*** Begin section ***

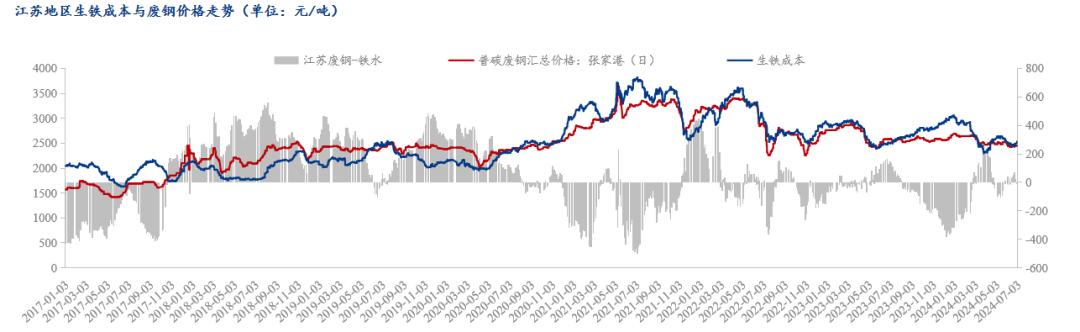 2024年上半年,鐵廢差來(lái)看,廢鋼多數(shù)時(shí)間仍是倒掛鐵水成本,鐵廢差平均值-36.68元/噸,較2023年平均值-55元/噸回升18.32元/噸,廢鋼整體性價(jià)比優(yōu)勢(shì)較2023年有所減弱。
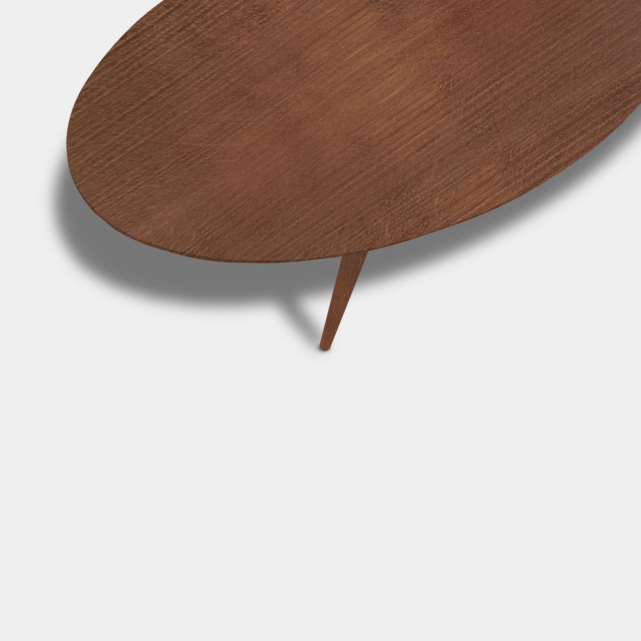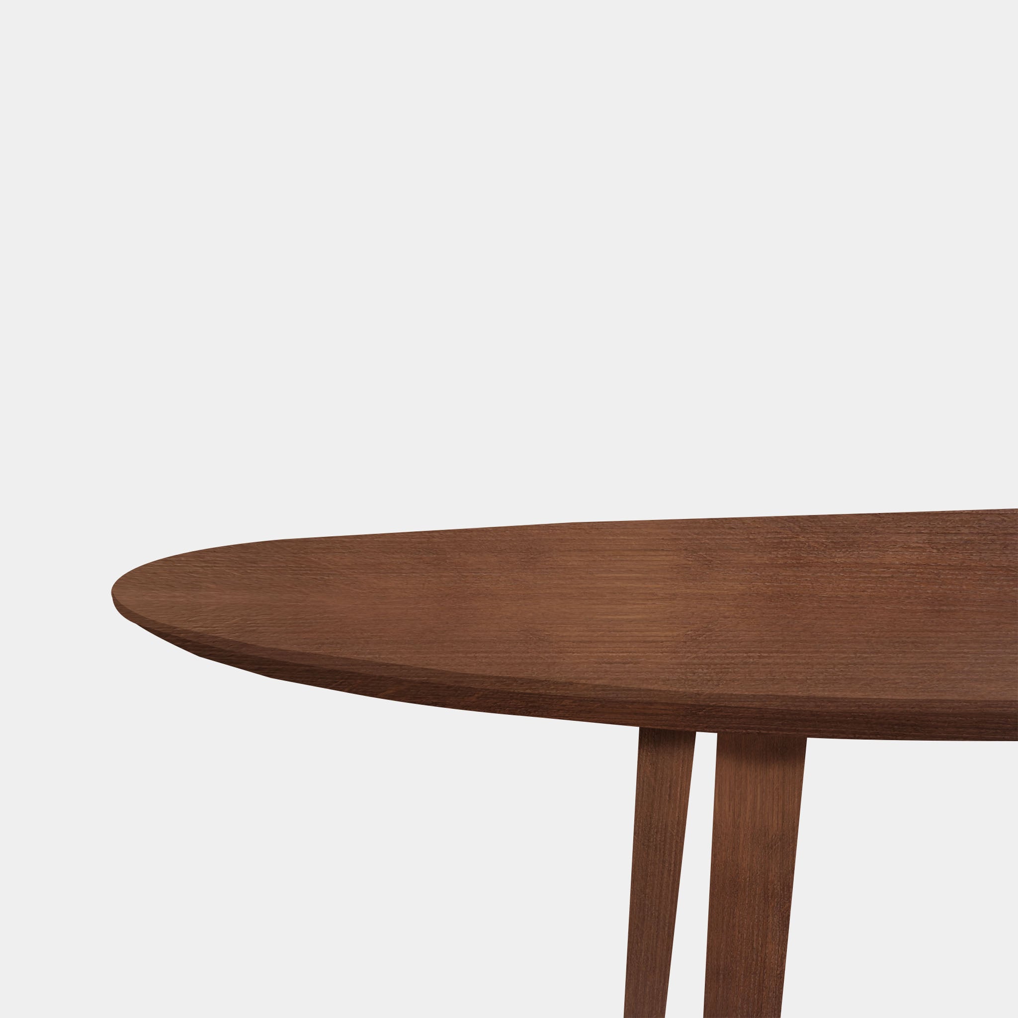 ✔ Gemaakt van massief eikenhout – blad en onderstel in een diepe, warme houtkleur
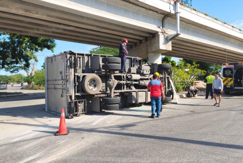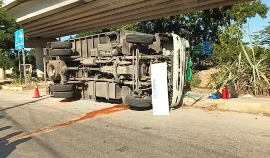 Un camión de carga volcó esta mañana al perder el control mientras se incorporaba al Periférico en Tixkokob.
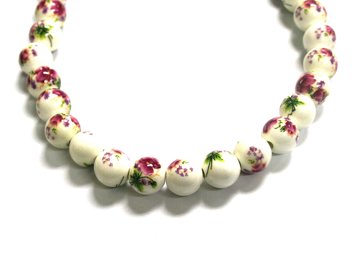 [Ceramics beads] 도자기 Round - 자색 꽃
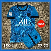 Bộ Quần Áo Bóng Đá CLB PSG Màu Xanh Ngọc Đậm Thun Lạnh 4 Chiều, Logo Thêu Nổi Cao Cấp Đẹp Giá Rẻ 2022 2023
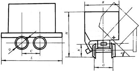 注: 1.高度H和牽引高h,自軌面算起(空載時)。 2.裝載量按物料松散密度ρ=2500 kg/m3計算。 | |||||||||||
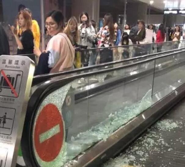 上海虹桥机场大量明星粉丝前来接机,结果把玻璃挤爆了,现场的目击者称,整个航站楼里都是年轻男女,有的拿着粉丝牌,有的拿手机拼命拍,一看就知道是粉丝,一楼和二楼站满了人!狂热的粉丝甚至将航站楼内的自动步道玻璃都挤爆了。
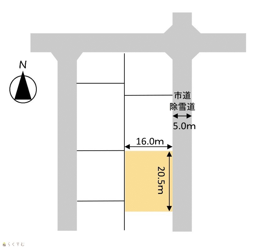 | 形状 | 間口 20.5m × 奥行 16.0m | 道路 | 東 5.0m |

*** End section ***

*WHAT YOU WILL DO*. Your task is to retype all the entries exactly and leave out any pictures.

*ANSWER AREA*.
 2024年上半年,鐵廢差來(lái)看,廢鋼多數(shù)時(shí)間仍是倒掛鐵水成本,鐵廢差平均值-36.68元/噸,較2023年平均值-55元/噸回升18.32元/噸,廢鋼整體性價(jià)比優(yōu)勢(shì)較2023年有所減弱。
 ✔ Gemaakt van massief eikenhout – blad en onderstel in een diepe, warme houtkleur
 Un camión de carga volcó esta mañana al perder el control mientras se incorporaba al Periférico en Tixkokob.
 [Ceramics beads] 도자기 Round - 자색 꽃
 Bộ Quần Áo Bóng Đá CLB PSG Màu Xanh Ngọc Đậm Thun Lạnh 4 Chiều, Logo Thêu Nổi Cao Cấp Đẹp Giá Rẻ 2022 2023
 注: 1.高度H和牽引高h,自軌面算起(空載時)。 2.裝載量按物料松散密度ρ=2500 kg/m3計算。 | |||||||||||
 上海虹桥机场大量明星粉丝前来接机,结果把玻璃挤爆了,现场的目击者称,整个航站楼里都是年轻男女,有的拿着粉丝牌,有的拿手机拼命拍,一看就知道是粉丝,一楼和二楼站满了人!狂热的粉丝甚至将航站楼内的自动步道玻璃都挤爆了。
 | 形状 | 間口 20.5m × 奥行 16.0m | 道路 | 東 5.0m |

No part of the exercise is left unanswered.